In liquid/liquid systems the transport processes strongly depend on the characteristics of the interface and the occurring transport phenomena. In many industrial applications surface active substances occur intentionally or as an impurity. By their appearance the behaviour of the liquid/liquid interface changes. Hence, fluid dynamics and mass transfer rates are influenced, which leads (e.g.) to an increase in residence time and hold-up in extraction columns or a decrease in multiphase reaction rates. Since the induced interfacial phenomena such as Marangoni convection or adsorption have contrary effects on the mass transfer in multiphase systems, the prediction of their occurrence and process variables linked to them based on theoretical or empirical equations is a challenging task.

The present work focuses on the interaction between mass transfer and fluid dynamics in disperse liquid/liquid systems in the presence of surfactants. Due to the interaction between the transport processes, fluid dynamic measurements of single droplets can act as an indicator for the prediction of interfacial phenomena and mass transfer rates. For experimental purposes the single drop rising test cell described in Wegener et al. (2007) is used for the measurement of fluid dynamics and mass transfer rates. Additionally, the experimental setup shown in Merker et al. (2017) extending the concept of the rising test cell by adding a vertical traverse system with real-time control is applied, which allows for three-dimensional measurement of shape, velocity and trajectory of the particle during the ascent.

Fig. 1 shows the transient drop rise velocity of single 1-octanol droplets in water for varying surfactant concentrations. Butyldiglycol is chosen as a model surfactant. With increasing surfactant concentration the terminal drop rise velocity decreases from the calculated velocity for a moving interface to the value for rigid spheres. Although the observed effect is in good agreement with the literature, e.g. Wegener et al. (2014), the mass transfer rates show contrary behavior due to the occurrence of Marangoni convection. The investigation aims at a better understanding and prediction of the interaction between the aforementioned transport phenomena by detailed consideration of the drop movement during the ascent.

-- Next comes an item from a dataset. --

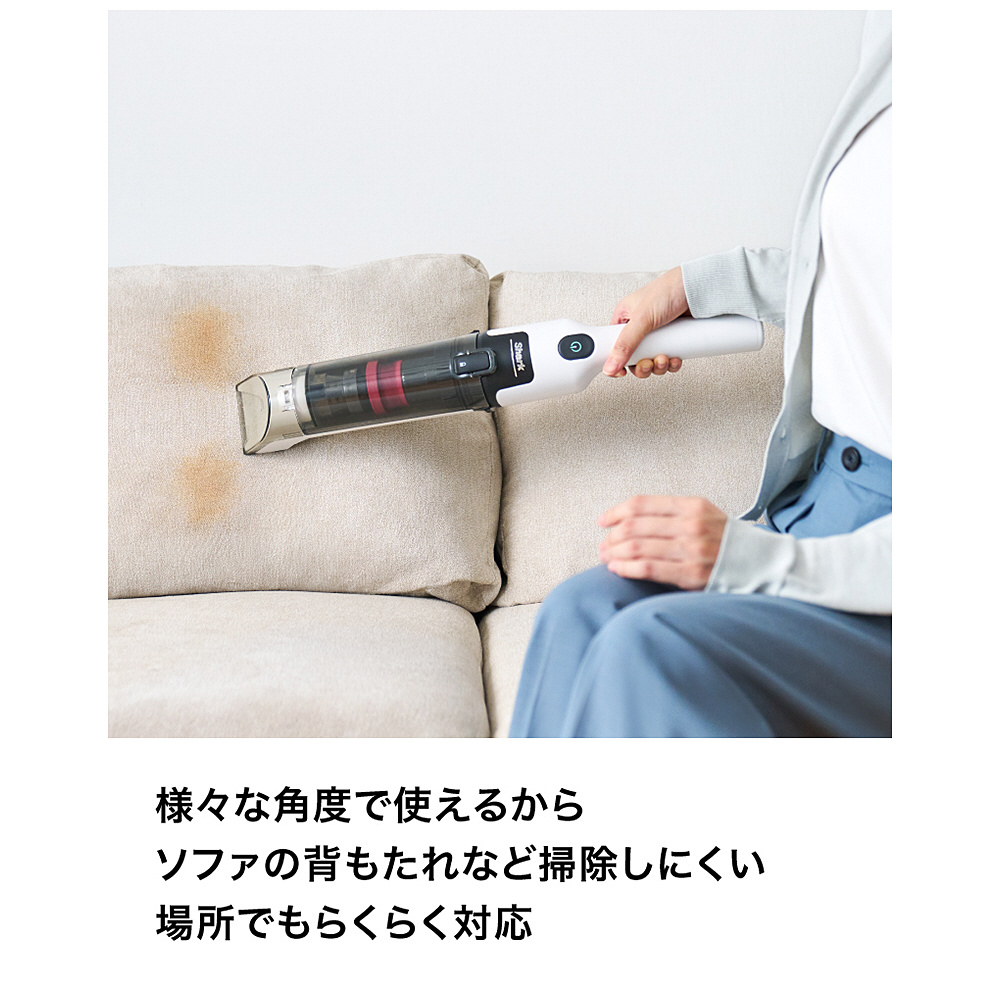 ■様々な角度で使えるから、ソファーや車のシートの背もたれなど、普段掃除しにくい場所にも対応。場所によってアタッチメントを付け替える煩わしさもありません

Figure 1: Experimental transient drop rise velocity of 2 mm 1-octanol droplets in water for different surfactant concentrations. Calculated velocities for the movable and rigid interface are shown for comparison (Feng and Michaelides 2001, Martin 1980).

References

M. Wegener, J. Grünig, J. Stüber, A. R. Paschedag, M. Kraume, Chem. Eng. Sci. 2007, 62, 2067-2078.

D. Merker, L. Böhm, M. Oßberger, P. Klüfers, M. Kraume, Chem. Eng. Technol., 2017, 40, 1391-1399. Z.-G. Feng, E. E. Michaelides, J. Fluids. Eng., 2001, 123, 841-849.

H. Martin, Chem. Ing. Techn., 1980, 52, 199-200.

M. Wegener, N. Paul, M. Kraume, Int. J. Heat Mass Transfer, 2014, 71, 475-495.